The material consequences of Rome’s decline


The plot at the top is from a Peter Turchin post, History Is Now a Quantitative Science. Peter has been on this for more than ten years now. I’ve long been broadly sympathetic, but of late it’s been nice to see his formal and data-intensive approach take hold and make some waves. Using raw data from a PNAS paper on the concentration of lead in Greenland ice caps one can illustrate the theory of secular cycles, as the western edge of the oikoumene went through periods of rise and fall. I don’t say specifically Rome because as Peter observes the first rise probably had more to do with Carthage than Rome, and the last recovery was particular mild probably because its focus was on the eastern Mediterranean, rather than the west.

As readers of this weblog know this lead data is not entirely new. I remember stumbling on it in The Fall of Rome: And the End of Civilization. It’s just more fine-grained and detailed than what came before. This sort of result definitively convinced me in a flash that the “fall of Rome” was neither fiction nor propaganda, but a true material event.

And yet the materiality is important. Like Song China, the Augustan and Antonine periods were characterized by a phase of intensive coordinated economic activity and productive output that one can’t deny. It’s right there in the material record. But from the perspective of a Christian or a Muslim, the collapse of the power of the Roman state coincided with the rise to power of the most important development in human history: the cultural dominance of singular religious visions.

The point being that when we say that “Rome fell,” it hides within it assumptions of value and importance. History is not fiction and can be understood in all its reality, but it is always critical to expose your assumptions and gain an understanding of the common ground shared between individuals whose viewpoints may differ.

 

5 thoughts on “The material consequences of Rome’s decline

  1. I wonder if the rise in lead levels in the 3rd century B.C. could be in large part due to the establishment and consolidation of the Hellenistic Kingdoms in the Eastern Mediterranean, instead of the rise of the Roman Republic.

  2. But from the perspective of a Christian or a Muslim, the collapse of the power of the Roman state coincided with the rise to power of the most important development in human history: the cultural dominance of singular religious visions.

    And it was this coincidence (“correlation”) that Gibbon seized on as the cause of the fall!

    (I just finished the book yesterday. I won’t say it was a fun read; documenting the material changes to the extent he did, necessary I imagine to make his point against a strongly opposed point of view, makes for dull reading for the non-specialist beyond a certain point. But it was nevertheless fascinating, and the tone and perspective of the last chapter were quite enjoyable. Thank you for mentioning it some weeks – months? – ago.
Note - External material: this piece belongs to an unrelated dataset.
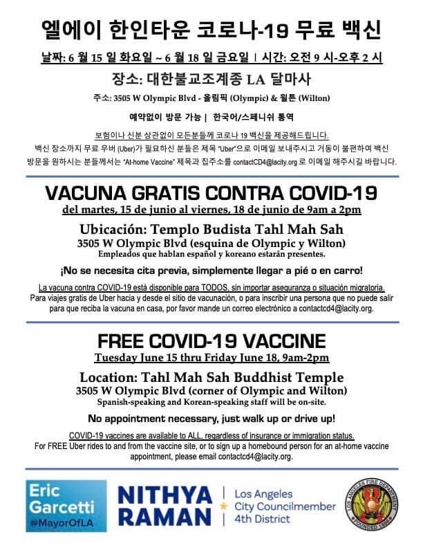 COVID 백신 무료 접종하고 있어요 페이지 정보 작성자 수연심 작성일21-06-24 07:23 조회1,431회 댓글0건 본문 LA County 4지구에서 COVID 백신을 접종하는 이벤트를 달마사 도량에서 진행중입니다.신분증을 지참하고 오시면 누구나 백신을 접종할 수 있다고 합니다.백신 접종은 6월 15일 화요일부터 6월 18일까지 오전 9시부터 오후 2시까지 입니다. 댓글목록 등록된 댓글이 없습니다. 이전글 다음글 목록
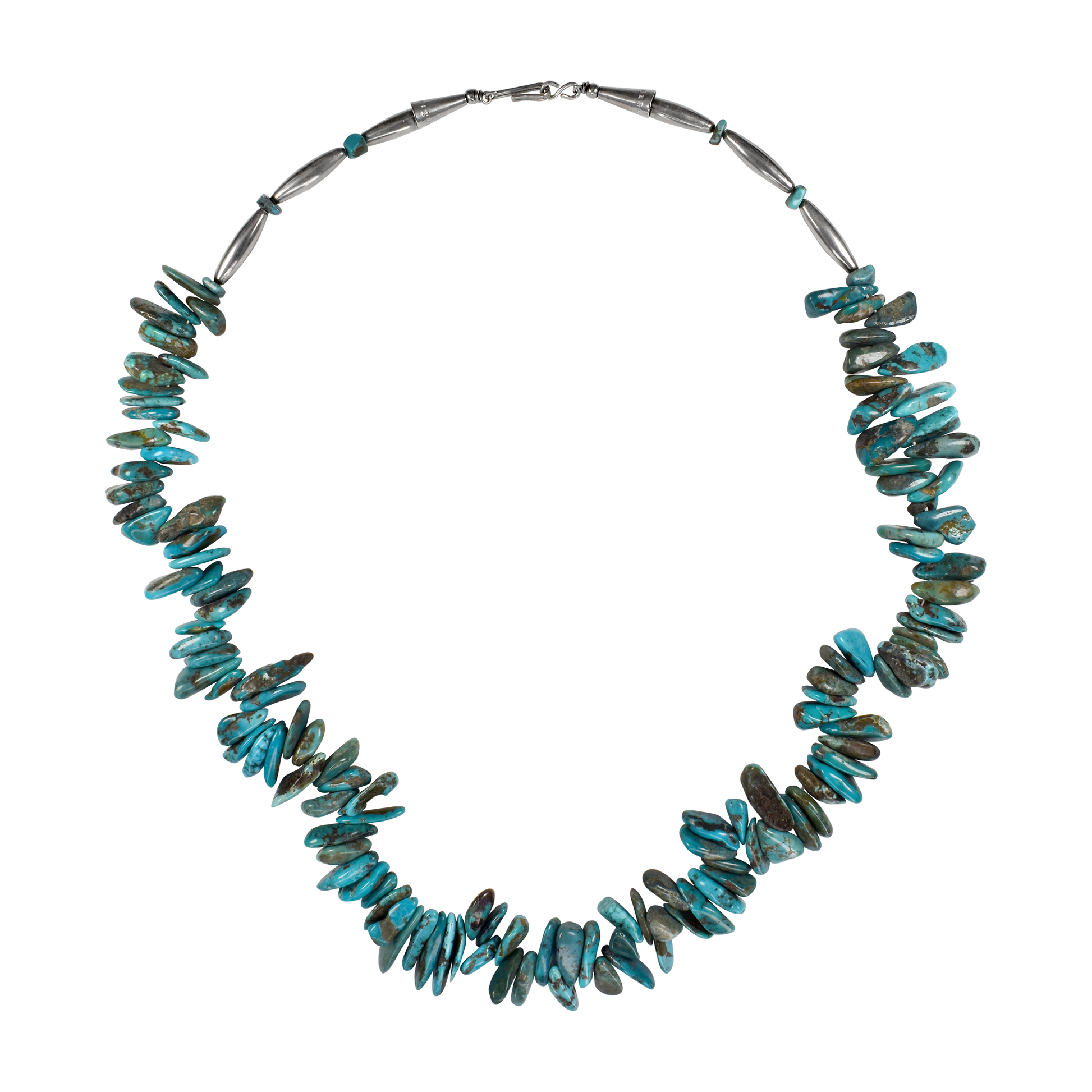 Navajo Kingman and Sleeping Beauty Turquoise Necklace with Sterling Silver Torpedo Beads

Onward, to The Fate of Rome)

  3. Another point may be that the plumbum was mainly used for plumbing – hence, the word “plumbing”. Those pipes were already laid as of Hadrian’s accession.

    Let’s consider Cyprian’s Plague in North Africa and posit a recovery under the Balkan Emperors. We wouldn’t see the latter in lead levels until there was a demand for new lead. During the initial years of the recovery, the new people are simply moving into abandoned areas. They need only enough new lead to patch the older pipes.

    Lead levels are a good proxy for initial growth but a weaker proxy for recovery.

  4. In Ancient Roman times, lead was largely a byproduct of silver mining. The first graph is basically a proxy for very large silver mining operations taking place in Spain during that time. By the Roman high empire period, those silver mines were very sophisticated, and required constant industrial-scale removal of water to remain functional. One theory is that during the Antonine Plague, water removal stopped, causing flooding of the mines which made them unrecoverable. Silver mining then shifted to the Danube frontier (if I remember correctly). Silver mining there (along with all non-silver mining economic activity anywhere) wouldn’t be reflected in those Greenland ice cores.

    People shouldn’t read too much into this one set of data points.

  5. Silver mining there (along with all non-silver mining economic activity anywhere) wouldn’t be reflected in those Greenland ice cores.

    People shouldn’t read too much into this one set of data points.

    did you bother to read the fucking post? everyone acknowledges that an eastward shift might have occurred.

    and as you have to know there are plenty of other economic patterns (e.g, specie hordes discovered) that correlate with this.